Quel rôle pour La J&R ?

Gag­nant en audi­ence d’année en année, le GXM ques­tion­nait égale­ment la fonc­tion et le posi­tion­nement de La J&R, avec la ques­tion suiv­ante : La Jaune et la Rouge doit-elle être le lieu d’expression des posi­tions du con­seil de l’AX, ou est-elle le reflet de la com­mu­nauté poly­tech­ni­ci­enne dans son entier ?

La J&R ne l’ignore pas et, au print­emps 1974, elle se trans­forme rad­i­cale­ment, à la suite d’une enquête auprès de ses lecteurs. Un nou­veau for­mat est adop­té : on passe à un style « mag­a­zine », avec une cou­ver­ture illus­trée, une maque­tte mod­ernisée et en couleurs, davan­tage d’espace lais­sé aux pho­tos et aux dessins. Inno­va­tion sig­ni­fica­tive, une rubrique « Cour­ri­er des lecteurs » fait son apparition.

Cette trans­for­ma­tion se jus­ti­fie par l’érosion du lec­torat con­staté depuis quelques années ; c’est aus­si une réponse explicite au défi du GXM. Comme l’explique l’éditorial d’avril 1974 : « Pourquoi chang­er ? À cause de l’affaire Palaiseau ? C’est ce que diront les mau­vais­es langues et elles n’auront pas tout à fait tort. Non que le Con­seil de l’AX ait ressen­ti le besoin d’un organe pour soutenir sa poli­tique, mais parce qu’il a con­staté à cette occa­sion que La Jaune et la Rouge ne rem­plis­sait plus le rôle d’information qu’on pou­vait atten­dre. Désor­mais, ce sera la revue des Poly­tech­ni­ciens et non plus seule­ment celle du Con­seil de l’AX. »

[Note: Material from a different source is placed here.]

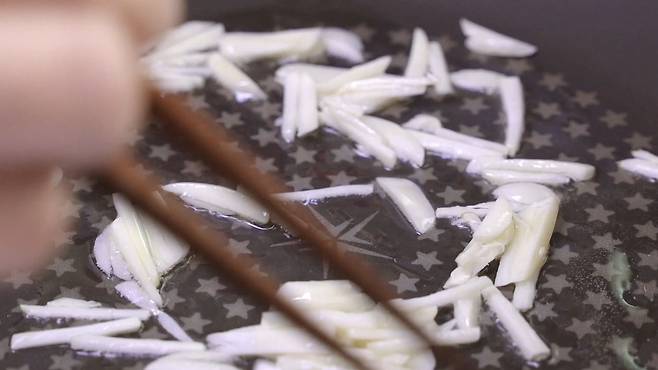 먼저 '중불'에서 식용유와 마늘을 넣고 잘 볶아 주세요. 마늘향을 미리 낸 후에 볶으면 향이 더욱 좋답니다. 약 30초 정도 볶은 후에
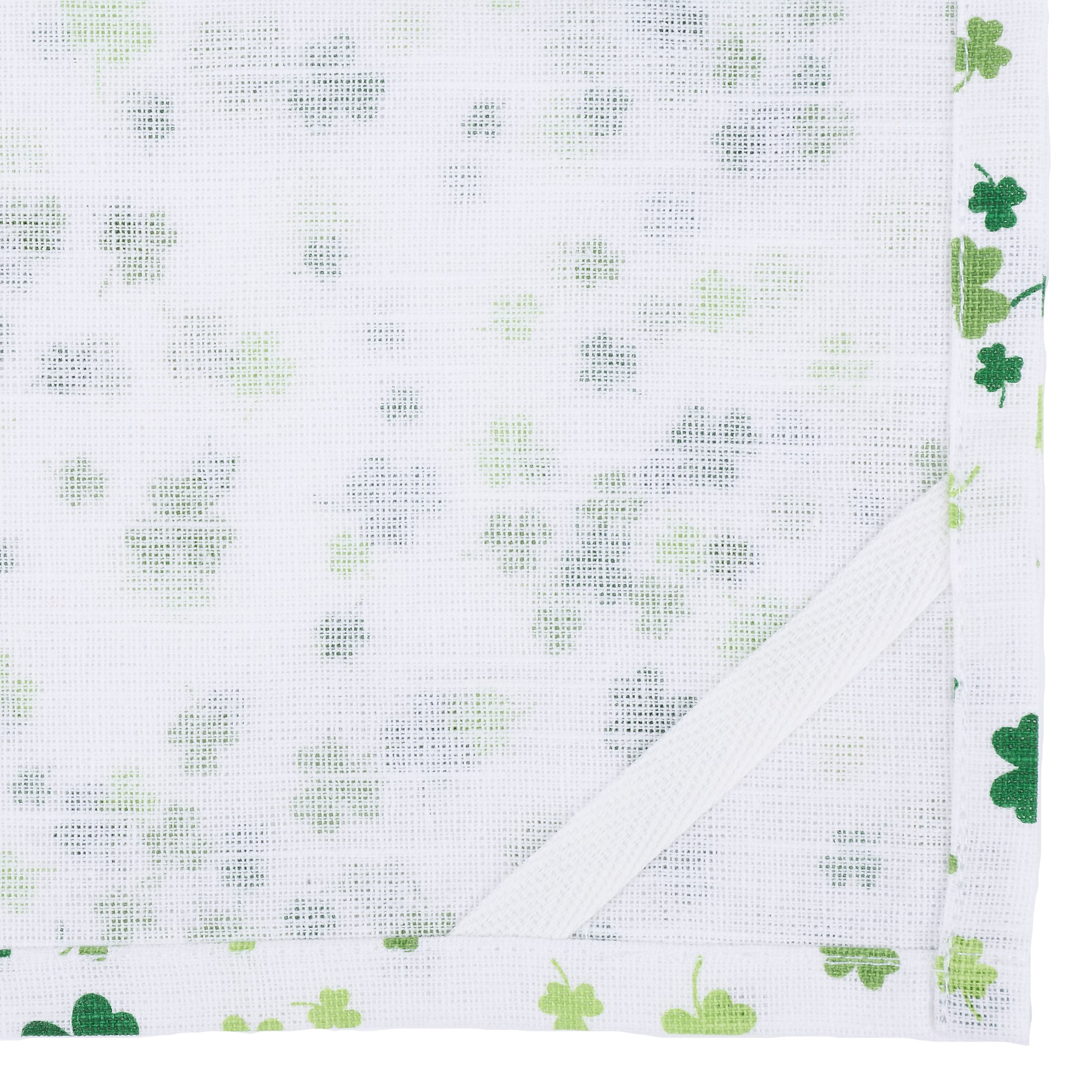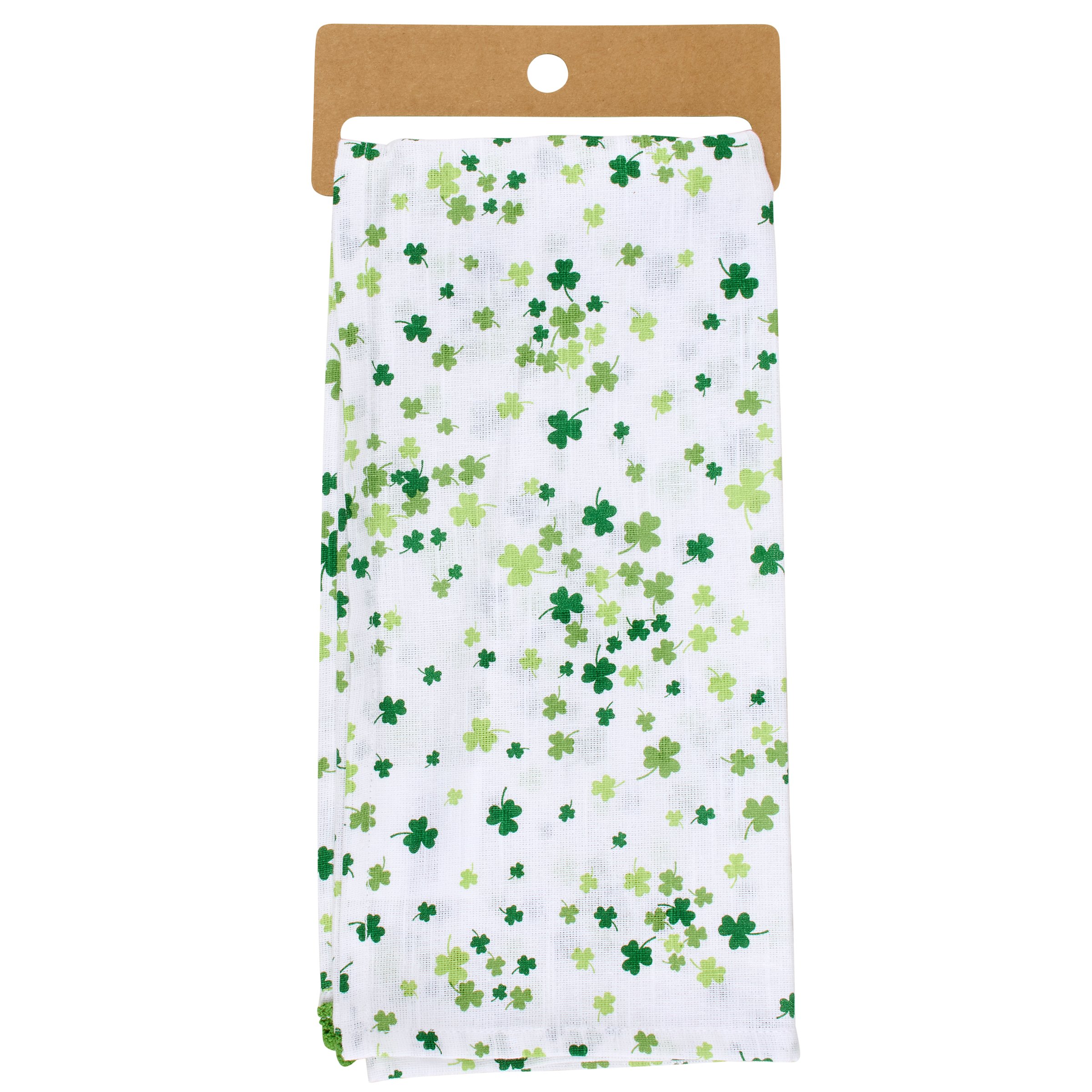 A cotton kitchen towel from ourĀ St. Patrick's Day Collection featuring an all-over design displaying a toss pattern of small shamrocks. St. Patrick's Day towel features a coordinating green lace trim for added interest. Our Mini Shamrocks kitchen towel is conveniently machine-washable for easy cleaning. Seasonal towel is packaged on a cardboard hanger with hole to easily display on rack. A stylish shamrock-themed kitchen accessory perfect for seasonal use.

“La Jaune et la Rouge doit-elle être le lieu
d’expression des positions du conseil de l’AX,
ou est-elle le reflet de la communauté polytechnicienne
dans son entier ?”

Une nouvelle J&R émerge

Le change­ment d’équipe à l’été 1975 mod­i­fie non seule­ment la ligne édi­to­ri­ale, mais aus­si la mise en page. La nou­velle maque­tte du print­emps 1974 était très coû­teuse, et la pub­li­ca­tion est défici­taire, con­duisant l’AX à ren­flouer les caiss­es. Un effort est fait pour dévelop­per les ressources pub­lic­i­taires, le nom­bre de pages dimin­ue et l’on revient à une mise en page plus sobre, en noir et blanc. Ces change­ments sont jus­ti­fiés par le besoin d’économie, mais aus­si par une con­cep­tion du rôle de La Jaune et la Rouge, explique l’éditorial de sep­tem­bre 1975 : « Il s’agit d’assurer au moins les ser­vices ren­dus par un bul­letin de liai­son ; il s’agit de ne pas sac­ri­fi­er la vie de l’Association à une par­tie rédac­tion­nelle d’intérêt “général” qui, pré­cisé­ment, ne peut se dévelop­per et intéress­er que si la sous-tend une vie poly­tech­ni­ci­enne plus ardente. 

Il s’agit égale­ment de ne pas sac­ri­fi­er le bud­get de l’AX, qui devrait être ori­en­té vers le sec­ours et l’assistance, à la fab­ri­ca­tion d’une revue de pres­tige. » La cou­ver­ture illus­trée et la maque­tte en couleurs ne seront pas de retour avant 1985.

Le trans­fert à Palaiseau fut donc une crise majeure, à la fois pour l’institution, pour les asso­ci­a­tions d’anciens et pour La J&R. En jeu dans cette crise : la place à don­ner à l’expression de points de vue diver­gents voire opposés, la déf­i­ni­tion d’une ligne édi­to­ri­ale entre neu­tral­ité, expres­sion d’un con­sen­sus et com­mu­ni­ca­tion insti­tu­tion­nelle, le rôle même d’une revue d’alumni.